Jacqueline Applegate knows the value of career planning. With a PhD in organic chemistry, she decided she wanted to be a CEO just two years into her career as a graduate scientist. Twenty years later, she’s risen to the top of Bayer. Applegate was appointed its CEO for Australia, New Zealand and Oceania in January this year.
She believes the key to sticking to a career plan is to get used to switching between different priorities and knowing what you want. “It’s important to be effective at time management. You need to be adaptable. And you have able to ask the pointed questions and get to the heart of every issue,” she explains.
Applegate switched her professional focus from science to management in the early stages of her career, studying an MBA shortly after starting at Bayer because she believed it’s what she needed to do to get to CEO. “I figured, we’re a science-based company but we’re still a business. I knew I would have a better shot with a better business understanding,” she says.
Applegate joined the Bayer team in her home country of the United States. Keen on an international career, she moved into marketing and project management roles in the company’s German office and then on to be a global head of portfolio management in environmental science in France.

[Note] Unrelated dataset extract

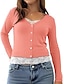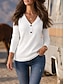 Mulheres Camiseta T-shirt Botões Tecido Elegante Moda Clássico Manga Longa Decote V Tops regulares Diário Para Noite Final de semana Preto Branco Rosa Azul Marinha Cinzento Primavera Outono

“You need to be clear about what you want to do. I’ve surpassed my original goal,” says Applegate, who originally just planned to be CEO of the manufacturing division she started in. She stresses the need to combine your personal and professional goals in your career plan to ensure your path is feasible.
Applegate says she accepted the opportunity to head up the Australia, NZ and Oceania team last year because she was ready to push herself even further, and to be financially and legally responsible for the organisation across different countries.
She made the move to Australia with her husband, David, and 10-year-old son Matthew. “David’s got the best job in the world. He’s retired and in charge of Matthew, so he has his hands full,” she says.
New to Australia, Applegate is learning to navigate the science and engineering industry. She says one of her first challenges is recruitment. “If you look globally, Australia has been extremely resilient in the economic downturn, so that makes the market here for employees very competitive.”
Staffing is just one focus for Applegate, who is also committed to a number of objectives including making 2013 the company’s first “billion-year” (Bayer Australia turned over $820,000+ last year).
She has also committed to making Bayer Australia an Employer of Choice by 2015. “I know it’s very competitive, but I think we can do it.”